*Required work*: Would you mind restating all of the records word for word, skipping the pictures?

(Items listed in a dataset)
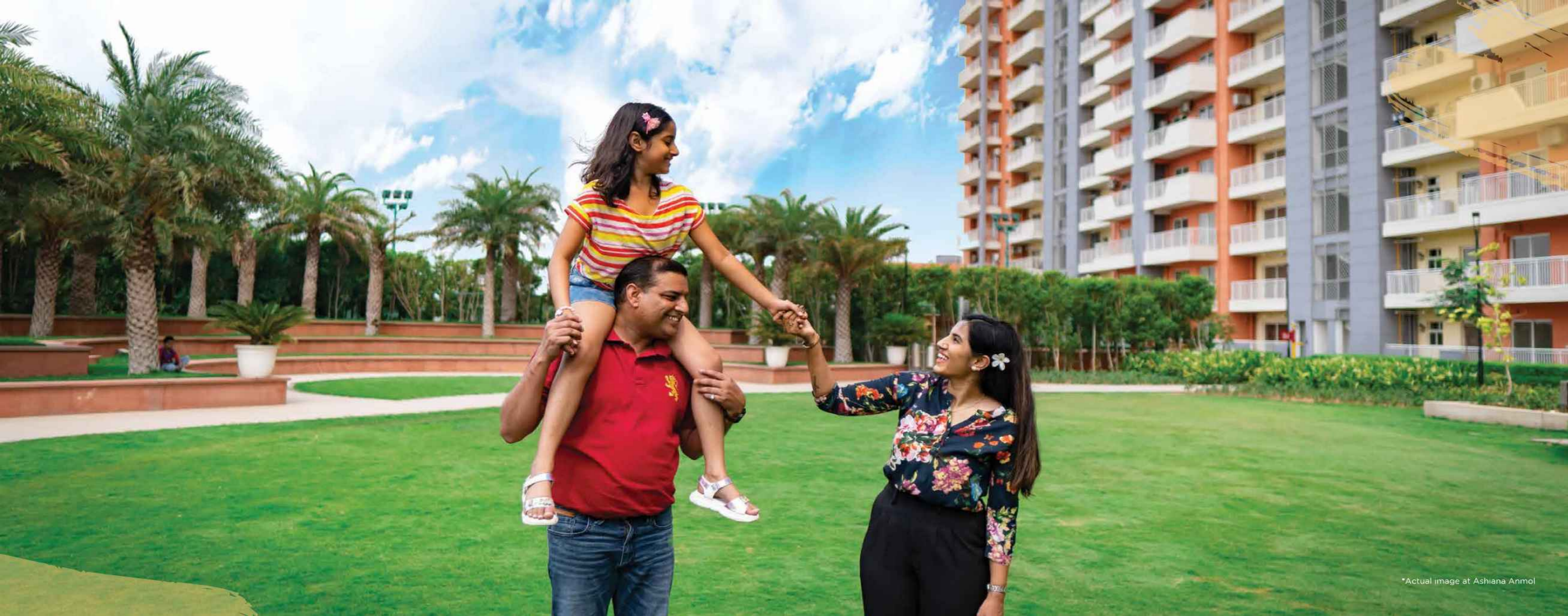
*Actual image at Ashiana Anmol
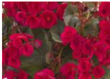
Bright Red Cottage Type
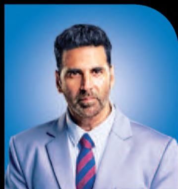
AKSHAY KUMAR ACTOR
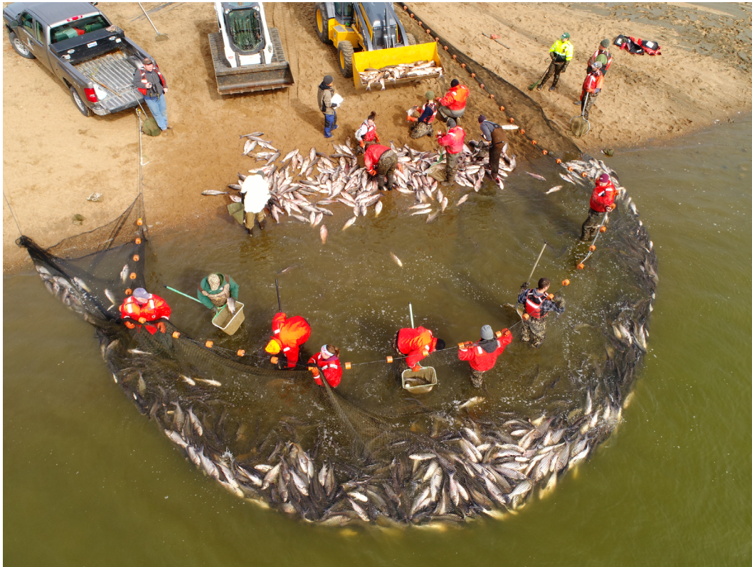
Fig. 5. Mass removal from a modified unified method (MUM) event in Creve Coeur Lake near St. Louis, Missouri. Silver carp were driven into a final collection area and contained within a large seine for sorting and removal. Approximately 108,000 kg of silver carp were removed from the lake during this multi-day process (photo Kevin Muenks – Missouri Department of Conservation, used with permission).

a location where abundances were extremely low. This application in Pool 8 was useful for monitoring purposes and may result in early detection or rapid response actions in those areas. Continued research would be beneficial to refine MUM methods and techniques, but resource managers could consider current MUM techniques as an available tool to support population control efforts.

*Response box*:
*Actual image at Ashiana Anmol
Bright Red Cottage Type
AKSHAY KUMAR ACTOR
Fig. 5. Mass removal from a modified unified method (MUM) event in Creve Coeur Lake near St. Louis, Missouri. Silver carp were driven into a final collection area and contained within a large seine for sorting and removal. Approximately 108,000 kg of silver carp were removed from the lake during this multi-day process (photo Kevin Muenks – Missouri Department of Conservation, used with permission).

a location where abundances were extremely low. This application in Pool 8 was useful for monitoring purposes and may result in early detection or rapid response actions in those areas. Continued research would be beneficial to refine MUM methods and techniques, but resource managers could consider current MUM techniques as an available tool to support population control efforts.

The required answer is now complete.